Pg. 63-64, Subsections (m)-(r): Changes term “remediation” to “decontamination” to reflect the fact that the definition of “remediation” in 63 O.S. § 427.2 limits the definition of remediation to the processing of a harvest batch that has failed microbiological testing into a solvent-based concentrate.
• OAC 310:681-8-2. General operating requirements and procedures
Pg. 65, Subsection (b): Establishes requirement that a testing laboratory shall only report COAs for analytes the laboratory conducted that are within the scope of the testing laboratory’s accreditation; clarifies laboratories may outsource testing and report those results on a COA but must identify the laboratory that conducted the testing.
• OAC 310:681-8-3. Sampling requirements and procedures.
Pg. 68-69, Subsection (a)(1)(A) and (a)(11): Establishes requirement that samplers must be trained on the testing laboratory’s sampling protocols and that commercial licensees must document such training.
Pg. 68, Subsection (a)(6): Requires samples to be clearly labeled with the following information: “Primary Sample” or “Reserve Sample”; name, license number, and batch number.
Pg. 69, Subsection (a)(9): Requires the sample field log to list the title and version of the laboratory’s standard operating procedure that was followed when collecting the sample.
Pg. 71, Subsection (e)(2): Prohibits a laboratory from withholding from a commercial licensee a COA reporting a failed test.
Pg. 71, Subsection (e)(3): Clarifies that COAs must contain the required information even in “electronic form” and requires COAs to contain definitions of any abbreviated terms.

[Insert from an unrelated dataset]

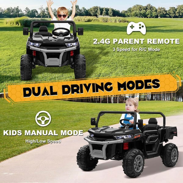 24 Volt 4x200W Ride on Toys with Remote, Metal Frame UTV with 2 XL Seater, 4WD/2WD Switchable,Black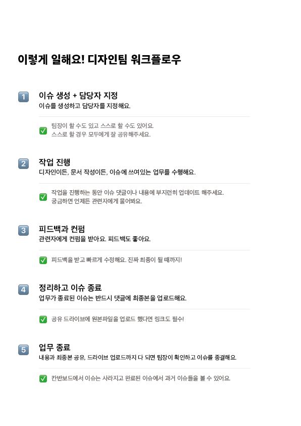 그래서 선택한 것은 '적극적인 지라 이슈의 사용'이었다. 내가 담당자로 배정하는 일이든, 외부에서 직접적으로 받은 일이든 실제 업무 담당자는 이슈를 반드시 만들어서 진행 중 보드로 옮겨 일을 진행하기로 했다. 구체적인 워크플로우 내용을 내가 만들고 문장으로 써서, 아예 디자인팀 워크플로우로 인쇄해서 붙여주세요! 를 업무로 요청했다. 워크플로우 안내지를 인쇄해서 잘 보이는 곳에 붙여두고 두 분은 해당 내용에 따라 이슈를 열심히 사용해주셨다. 나 역시 마찬가지로 내가 하는 일들을 이슈에 작성해 보드에 올려두었다.

Pg. 71-72, Subsection (e)(4): Requires COAs to clearly and conspicuously list “Pass” or “Fail” in font size no smaller than the size of 12 point Times New Roman font. Cannot be listed in fine print or footnotes. Also requires actual limits of analytes detected to be listed, even if below allowable threshold.
Pg. 72, Subsection (e)(6): Requires laboratory to immediately notify the Department in the form and manner prescribed by Department of any failed testing.
• OAC 310:681 — Summary of 2020 Emergency Rule Changes OAC 310:681-9-9. Waste disposal
Pg. 85, Subsection (a): Requires commercial licensees to submit waste to a waste disposal facility within 90 days.